Пес фыркнул, отряхнулся и — бочком, бочком — вернулся на прежнее место.
— Да хватит тебе, глупая ты псина! С кем не бывает …
Я осмотрел пальцы и, следуя извечным мальчишеским методам врачевания, полизал обожженные места.
Нет, ни какая это не охота — грибы. Это что-то другое. Совсем другое. Ведь сюда даже ходят иначе. На охоту идут на… На рыбалку — тоже на… А вот грибы — уже за или по. Как за водой, по воду… Прогулка, одним словом. Свидание с природой. Неспешное, обстоятельное. Бабье лето ж, ё-моё! Это вам не девчонка весна, у которой лишь охи-ахи, цветочечки повсюду, птичечки, козюлечки в носу да ветер в голове. А всей-то радости — щавель да редиска. Другое дело — лето. Тут уж вам и клубничка, и разлюли малина — навалит и фруктов, и ягод, и овощей разных… Роскошная, пылкая женщина. Одни копны свежего сена чего стоят!.. это, я вам доложу… Да вот беда — всё в трудах, в заботах, а потому точно в мареве каком-то: взахлёб, жадно, на бегу да без розгляду. Точно вот-вот дети проснутся или, того хуже, муж вернется. И так до самого бальзаковского возраста, до бабьего лета. Только тогда и опамятуется. Стол ломится, дети выросли, муж давным-давно ушел — самое жить бы да жить, ан уж зима катит в глаза… Вот отсюда и эта тишина, и солнышко мягкое, и нежность излетная. Грустно, брат мой, грустно… Как, черт возьми, все в этой жизни скоротечно!..

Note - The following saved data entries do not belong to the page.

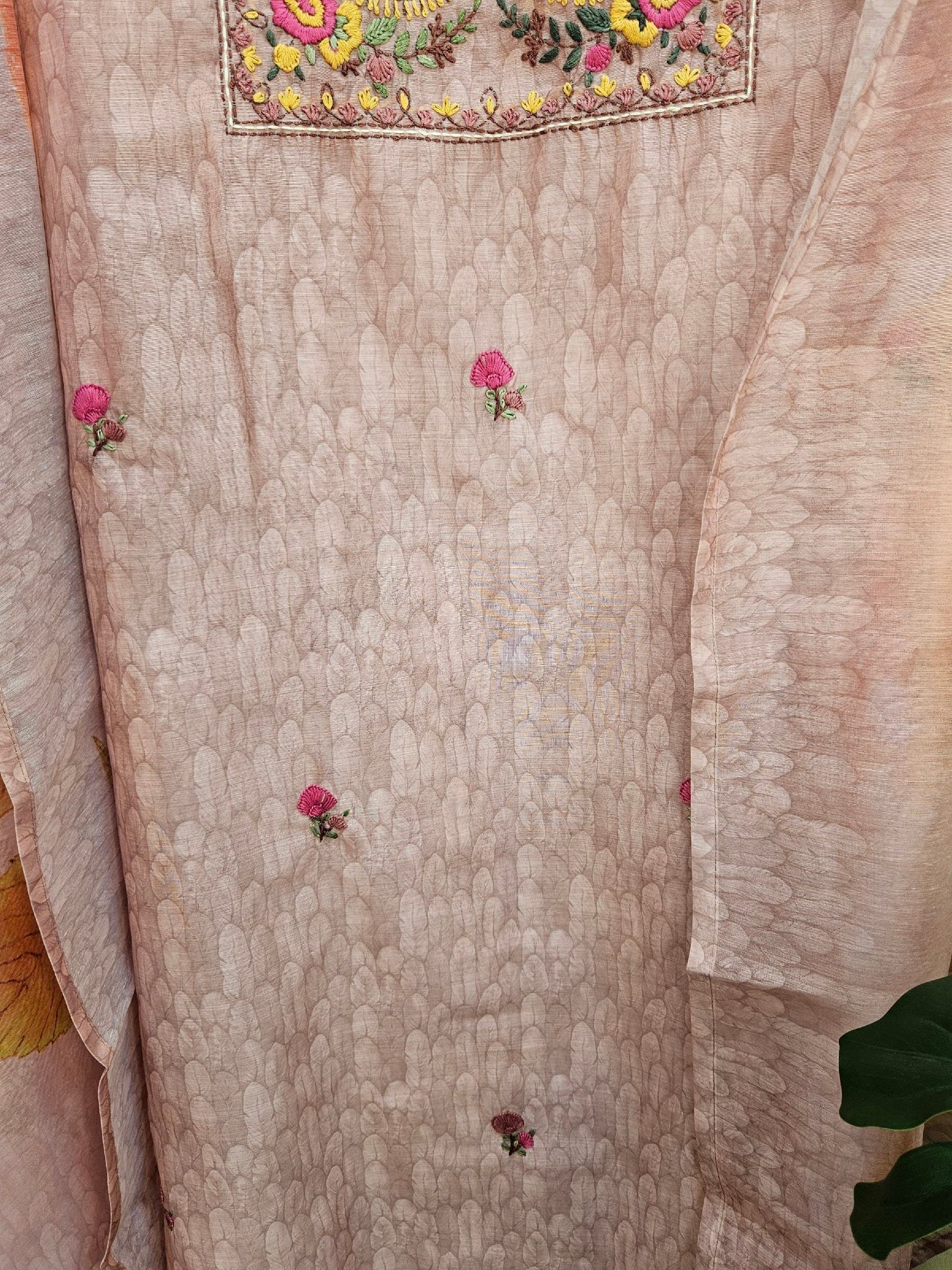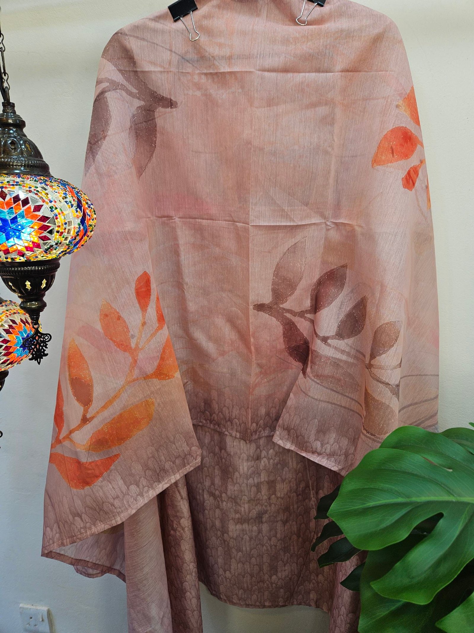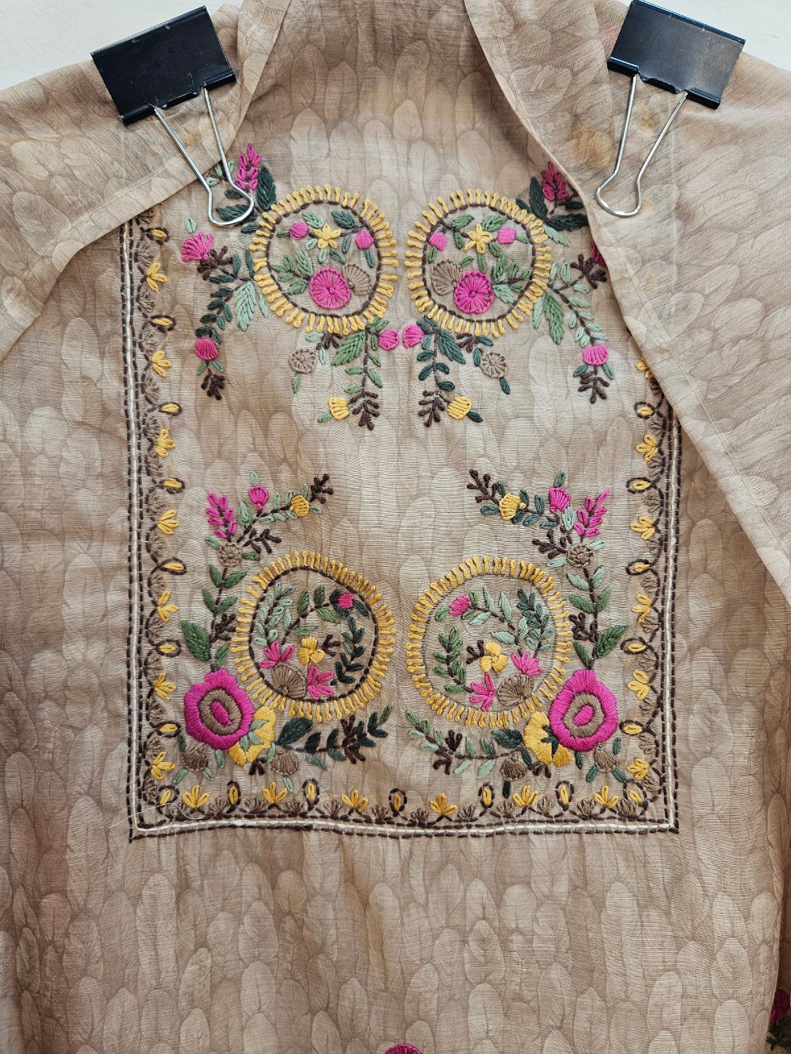 Pure tassar silk fabric with elegant neckline handwork and delicate French knot detailing, paired with a beautifully coordinated tassar digital printed dupatta. Comes with a comfortable santoon bottom — a graceful and sophisticated choice for festive and semi-formal wear. ✨
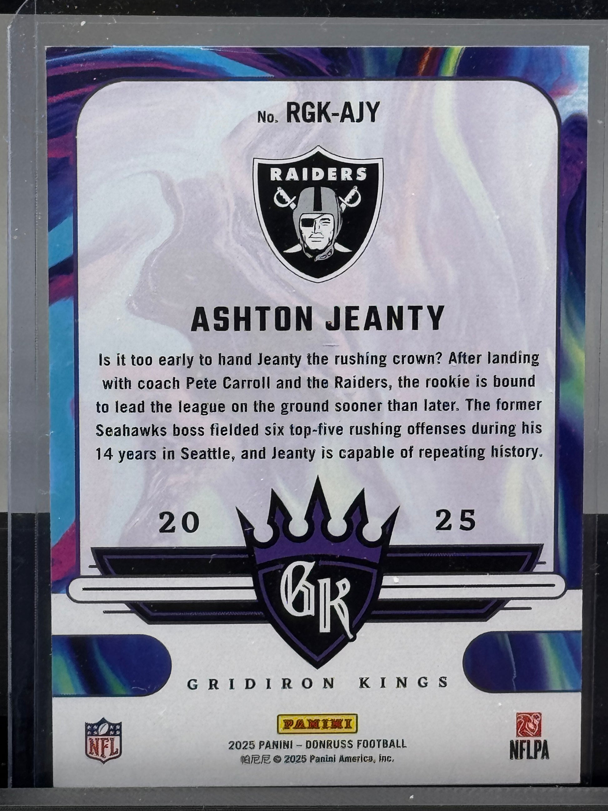 2025 Donruss #RGK-AJY Ashton Jeanty RC Gridiron Kings Las Vegas Raiders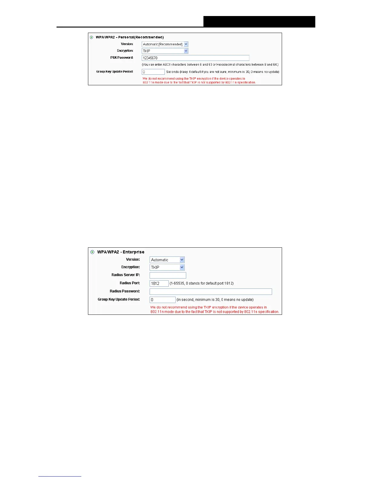 If you check the WPA/WPA2-Enterprise radio button and choose TKIP encryption, you will

— А что, друг мой ситный, может — как в том анекдоте — черт с ней с этой охотой? А? Ведь не только у природы бывает бабье лето, — я сграбастал ушастую голову в охапку, прижался к ней щекой. — Ты ж меня поймешь, ты ж меня простишь?..
А тут сорока вдруг как затрещит, ну, прямо как… как сорока! Я сначала даже не поверил — ну откуда в городе сорока?! Просто мальчишка какой-нибудь с игрушечным автоматом. Но тут же обнаружил её на мелколистном вязе всего-то через проезжую от меня. Птица сидела на длинной горизонтально растущей ветке, что протянулась в двух-трех метрах над землей. А от ствола по той же ветке к ней пробирался лобастый рыжий кот из самых тех, из самых бандитов. С моего места ветка была как на ладони, так что мы со спаниелем оказались в первых рядах партера. Пес тоже насторожился, замер, наблюдая за чужой охотой. А задача у рыжего была не так-то уж и простой: тонкие веточки, тут и там вертикально отходящие от основной ветки, не только не давали ему возможности прыгнуть, но и мешали подкрадываться. Поэтому кот пёр как на параде или в психической атаке: набычившись, неспешно и в полный рост. Сорока, отчаянно стрекоча, то приседала и расправляла крылья, словно собираясь взлететь, то вертелась на одном месте, как по команде «кругом», а то даже бочком-бочком подскакивала поближе к противнику. Но стоило только коту выбраться на дистанцию атаки, птица моментально перескакивала за следующую вертикально растущую веточку. Рыжего эта наглость, похоже, задела за живое, и он решил не сдаваться, хоть уже и ветка принялась опасно раскачиваться с каждым движением, и лапки стали соскальзывать раз за разом… Наконец охотник отчаялся на прыжок. Он даже не стал подготавливаться, а совсем не по-кошачьи с полушага неуклюже ринулся вверх. Да ветка-то — не твердая опора, вот и отшатнулась вниз и в сторону, предательски сорвав всю энергию атаки. Несчастное животное, изо всех сил вертя хвостом, несколько раз перевернулось в воздухе и рухнуло на землю. Пес, видя такое посрамление охотничьей гильдии, с заливистым лаем кинулся в его сторону. Кот шикнул, но и не подумал испугаться. Сорока же, неуёмная в своём ликовании, стремилась еще побольней задеть кошачье самолюбие: оглушительно стрекоча, она раз за разом пикировала на кота и дергала клювом за уши, била лапами по спине, хлестала крыльями по морде. Меня скрючило в хохоте.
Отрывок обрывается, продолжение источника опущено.